%%

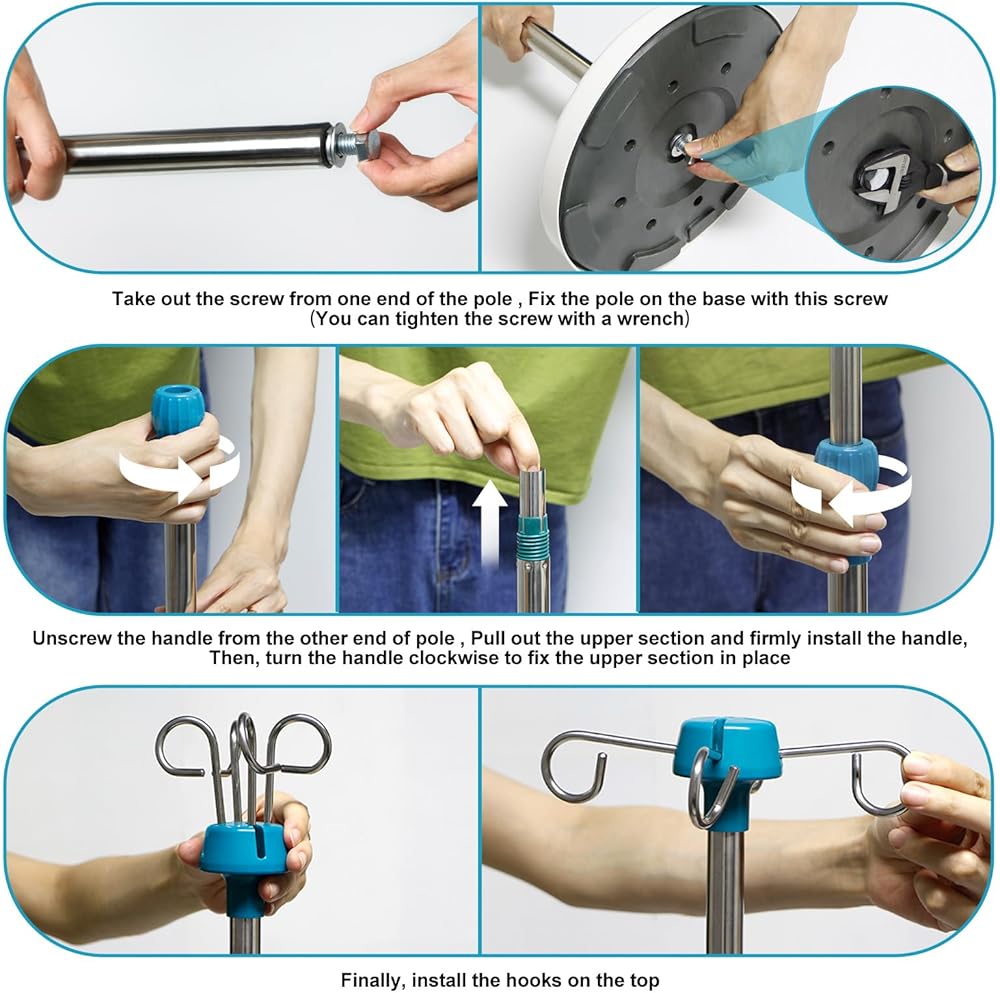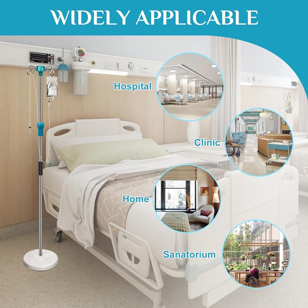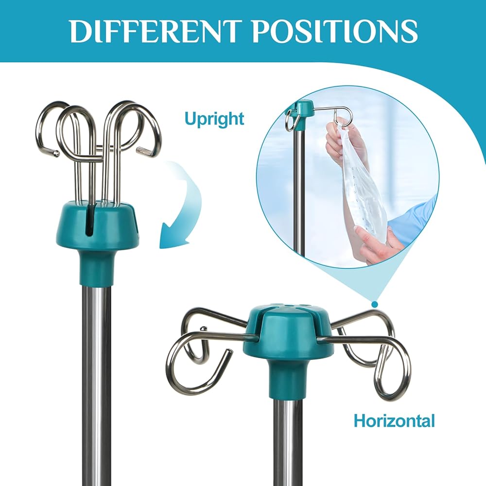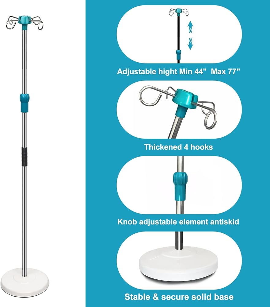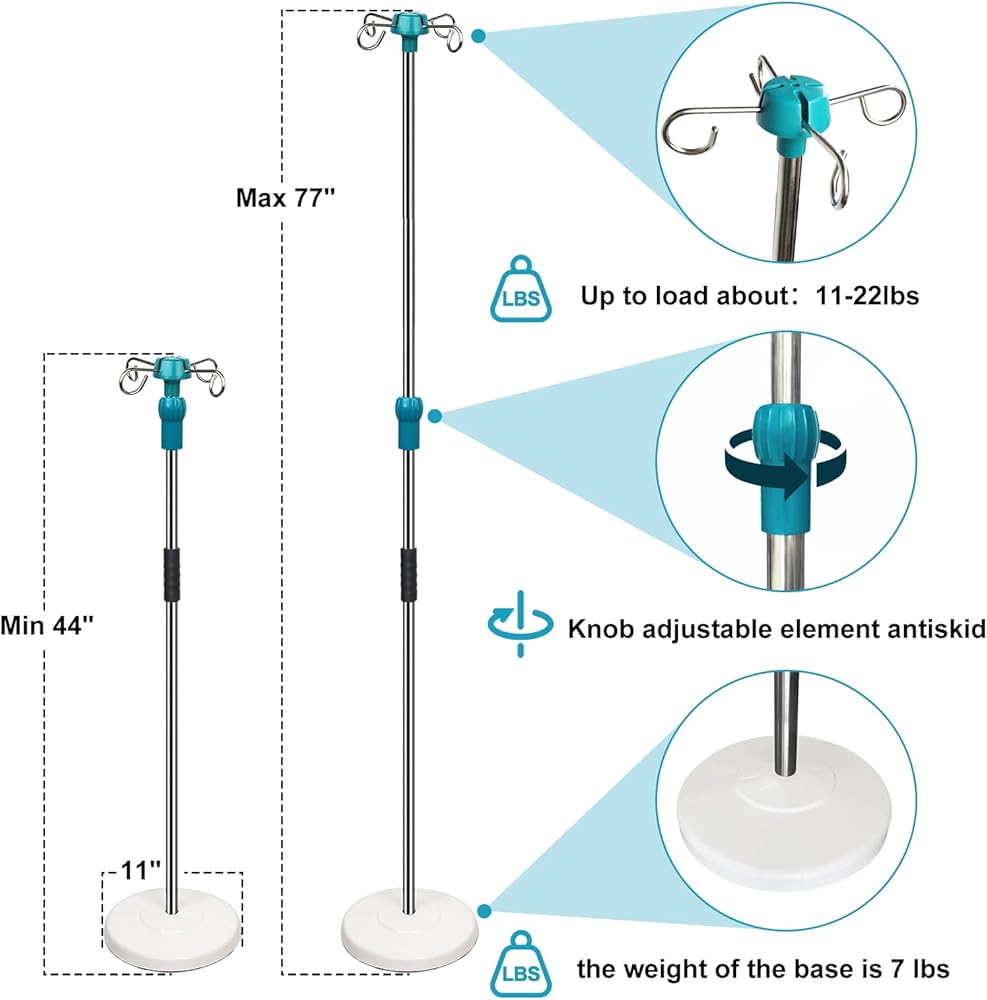 حامل عمود IV بقاعدة صلبة شديدة التحمل مع 4 خطافات، ارتفاع قابل للتعديل 44 بوصة إلى 77 بوصة حامل قطب طبي محمول، حامل حقيبة IV مع حامل حقيبة IV قابل للإزالة، عمود علوي قابل للإزالة للمنزل والمستشفى والعيادة
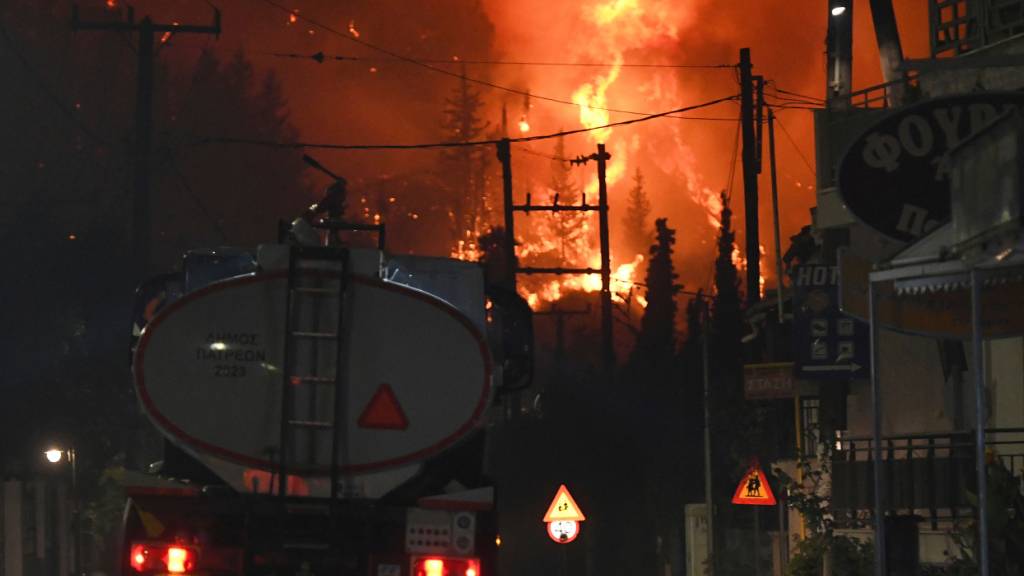 Besonders gefährlich sei die Lage derzeit nahe der westgriechischen Stadt Patras. Dort lodern zwei grosse Brände. Auch in der Region Preveza im Nordwesten des Landes sowie auf den Inseln Zakynthos und Chios brennt es grossflächig. Zudem gebe es unzählige Glutnester, die sich mit dem Wind binnen Minuten in neue Brände verwandeln, teile die Feuerwehr mit.
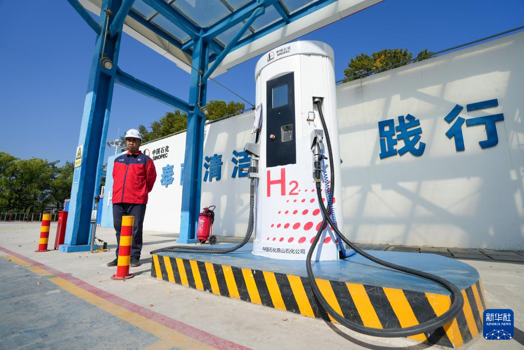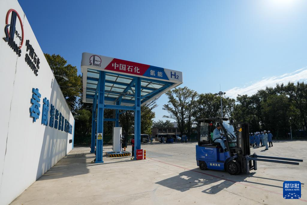 10月15日,在中国石化燕山石化公司的加氢站,一名工作人员在为一辆氢能叉车加氢气。新华社记者 鞠焕宗 摄

%%

All the lines above are to be reproduced exactly, except the pictures.

→ **ANSWER SECTION**:
 حامل عمود IV بقاعدة صلبة شديدة التحمل مع 4 خطافات، ارتفاع قابل للتعديل 44 بوصة إلى 77 بوصة حامل قطب طبي محمول، حامل حقيبة IV مع حامل حقيبة IV قابل للإزالة، عمود علوي قابل للإزالة للمنزل والمستشفى والعيادة
 Besonders gefährlich sei die Lage derzeit nahe der westgriechischen Stadt Patras. Dort lodern zwei grosse Brände. Auch in der Region Preveza im Nordwesten des Landes sowie auf den Inseln Zakynthos und Chios brennt es grossflächig. Zudem gebe es unzählige Glutnester, die sich mit dem Wind binnen Minuten in neue Brände verwandeln, teile die Feuerwehr mit.
 10月15日,在中国石化燕山石化公司的加氢站,一名工作人员在为一辆氢能叉车加氢气。新华社记者 鞠焕宗 摄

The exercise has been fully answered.